Last Thursday night, with Muammar Qaddafi’s forces drawing ever closer to the Libyan rebel capital of Benghazi, the United Nations Security Council promised action to protect Libyan civilians, touching off street parties across the country’s liberated east.

Mr. Qaddafi responded by declaring a cease-fire only to break it hours later by resuming the shelling of civilian neighborhoods in the contested towns of Misratah and Ajdabiya.

Then, before dawn on Saturday, he struck the heart of the rebel campaign in Benghazi, sending rockets, tank fire, and infantry into civilian neighborhoods. Dozens of civilians and rebel fighters died in the assault.

Benghazi and the rebellion were hanging by a thread. If Libya's second-largest city fell back in the hands of Qaddafi loyalists, the resolve of Libya’s rebellion would probably fall with it.

"So, we’re being abandoned after all,” said one young rebel as terrified residents poured out of a checkpoint on the eastern outskirts of town.

But then came the roar of French jets, followed by 112 Tomahawk missiles fired by US and British forces crippling Qaddafi's defenses and air capabilities – and staving off the likely execution for dozens of rebel leaders.

Allies strike in the nick of time

Beginning Saturday afternoon and extending beyond this Sunday morning, dozens of international sorties flew over Libya and targeted the army Qaddafi sent to retake Benghazi.

Sunday, at least a dozen of his tanks, armored personnel carriers, and the countless civilian cars he used to transport troops were smoldering hulks on the the road from Benghazi to Ajdabiya, and the pendulum here had once again swung back – for what felt like the fourth time in a week – from despair to joy.

At the western outskirts of Benghazi today, as many residents who had fled returned home, a celebrating group of young men had set a dog astride a donkey.“That’s Qaddafi,” says a grinning young man, pointing at the larger animal, “and that’s his owner,” he says, pointing at the dog.

On the road toward Adjabiya, Benghazi residents came to see the wreckage, celebrate, and pose children in front of the remains of Qaddafi's tanks for the family scrapbook.

Decisive role

The international community has now taken a decisive role in Libya’s civil war, despite the statements of US Joint Chiefs of Staff Chairman Adm. Mike Mullen and other Western officials that this is only about civilian protection, not regime change.

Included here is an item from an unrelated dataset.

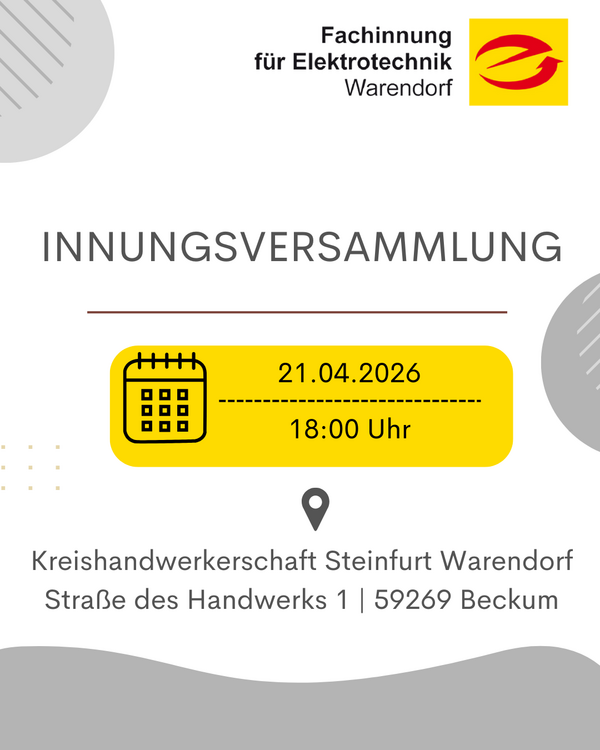 Die Innungsversammlung der Fachinnung für Elektrotechnik Warendorf findet am

In Benghazi today, the leaders of the rebel’s ragtag army were drawing up plans for how to move west, and civilian leaders were once again confidently predicting Qaddafi’s demise.

Mustafa Gheriani, the spokesman for the rebels transitional government in Benghazi, says their forces were sweeping up scattered bands of Qaddafi’s troops in the city throughout the day.

To be sure, there remain military challenges that international airpower will not easily be able to address. There were multiple accounts of dead Qaddafi fighters found wearing civilian clothing under their fatigues – and in some neighborhoods, residents reported finding discarded military uniforms.

That implies that some Qaddafi loyalists have secreted themselves within Benghazi and blending with the local population. It would not be hard to pick up a rifle and pose as a volunteer with the rebel militia, which still has little and command and control from officers, and pass intelligence back to Tripoli.

How did Libya and the international community get here?

On March 5, the lightly-armed young rebels of Libya’s uprising against Qaddafi were racing west in the beds of pickup trucks, grinning into the wind, saying they were confident God was on their side and victory was in their sights.

Salim Fatah bin Kayali, whose father spent seven years in Qaddafi’s prisons, spoke for all of them as they roared into the dusty town of Bin Jawwad. In the midst of 300 miles of desert that divide eastern Libya from Qaddafi’s hometown of Sirte he said “there’s no stopping us.” The fighters around him made jokes about breakfast in Tripoli.

Then the hard reality set in. The rebels were driven out of Bin Jawwad the next day, a precursor to Qaddafi’s ruthlessly efficient march east in the following ten days.

With air raids and rocket fire from an unassailable distance, the regime’s forces drove the rebels out of the desert. The rebels had no answer to an enemy that they rarely saw, and broke and ran under continuous barrages.

The towns of Ras Lanuf and Brega – built around some of Libya’s most important oil infrastructure – fell in short order. By March 14, Ajdabiya – the last population center before the rebel capital of Benghazi, the key to the uprising’s survival, was under threat.

“We have to hold on here,” said Saheer al-Saidi, a militiaman speaking at rebel command post inside the town that afternoon. “Qaddafi will be arresting and killing thousands if we lose.”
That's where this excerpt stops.